The Tory government’s Police and Crime Bill is a very nasty attack on civil liberties. But it’s not an aberration.
The French Marxist Ugo Palheta wrote recently about the trend to the “authoritarian hardening” of liberal capitalist states.
France under Emmanuel Macron is indeed a good example. Protesters have been subjected to indiscriminate police violence, new repressive laws have been passed, and ministers have been targeting what they absurdly call Islamo-leftism.
But Britain under Boris Johnson is another example.
The Covid-19 pandemic is the first global crisis provoked by capitalism’s increasingly destructive relationship with nature. Climate change will create plenty more.
The inevitable consequence will be greater attempts to plan economic and social life. This planning can take democratic forms that lead us to a socialist society, or it can be authoritarian, imposed from above to prop capitalism up.
The pandemic has seen the acceleration of this second kind of planning. States, especially in the rich imperialist centre of the system, have intervened to shut down large sectors of the economy, limit movement, and organise mass vaccinations.
They have spent and borrowed on a huge scale to prevent the lockdowns causing economic collapse. These measures have had some success, though the future depends on the contest between the vaccines and the new variants of the virus.
But these forms of planning remain capitalist. They are designed to preserve the existing system, and their effects maintain and reinforce the inequalities that have become so huge during the neoliberal era.
The starkest example is the impact of Covid-19 on poor people of colour on both sides of the Atlantic. Detailed analyses have shown how in US cities vaccination rates are higher in affluent neighbourhoods than in poor black neighbourhoods where the death rate is higher.
The pandemic has been marked by waves of mass resistance, most notably in the worldwide Black Lives Matter (BLM) protests last summer.

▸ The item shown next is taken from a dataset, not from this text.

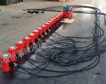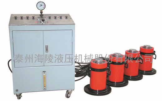 我公司設(shè)計(jì)制造的(PLC)同步千斤頂廣泛適用于大型建筑工程設(shè)備,構(gòu)件的同步起頂、調(diào)整及鐵路、公路、橋梁工程的架設(shè)。它可根據(jù)現(xiàn)場(chǎng)的實(shí)際情況選配不同規(guī)格、型號(hào)、數(shù)量的超薄型JRSM系列、薄型JRCS系列、大噸位DYG系列10T、20T、30T、50T、100T、150T、200T、320T、500T千斤頂。以及配備1.1KW、2.2KW、3KW、4KW、5.5KW、7.5KW、13KW等不同規(guī)格的泵站,同時(shí)配備不同長(zhǎng)度的高壓油管和合適的分配閥,采用一泵拖多頂?shù)姆椒ㄒ詽M足適應(yīng)施工現(xiàn)場(chǎng)的作業(yè)要求。

This gives states an incentive to increase the level of repression. In Britain ministerial regulations sought to drive protests off the streets.
Debates have been going on for some time within the British state about how to handle protest. In February 2020, Metropolitan police commissioner Cressida Dick demanded more powers to deal with Extinction Rebellion, which she said aimed to “bring policing to its knees”.
According to the Financial Times newspaper, the BLM demonstration that last June pulled down the statue of the slaver Edward Colston marked a watershed.
It “helped to prompt the home secretary to commission HM Inspectorate of Constabulary— the official police watchdog— to conduct an inquiry into whether police were handling demonstrations sufficiently robustly.
“Supporters of UK police forces’ recent, relatively liberal attitude to protest … insisted the force would have created far more problems if they had tried to intervene in a crowd of 10,000 people to save the statue…
“The Inspectorate’s report on March 11 largely endorsed Avon and Somerset Police’s careful handling of the statue incident but at the same time shifted the emphasis of advice to police forces in England and Wales about protests.
“It found forces’ handling of protests tipped ‘too readily in favour of protesters’.”
So the Police and Crime Bill doesn’t just reflect home secretary Priti Patel’s authoritarian instincts. It comes out of a deeper shift in the state.
This is reflected in the Inspectorate of Constabulary’s defence of the Met’s thuggish handling of the vigil for Sarah Everard in Clapham last month.
The British state is gearing up to mount greater repression. The disgraceful Race Commission report is another sign of this trend. Happily, the Police and Crime Bill has provoked another wave of protests, showing that people aren’t prepared to be silenced. But we shouldn’t have any illusions.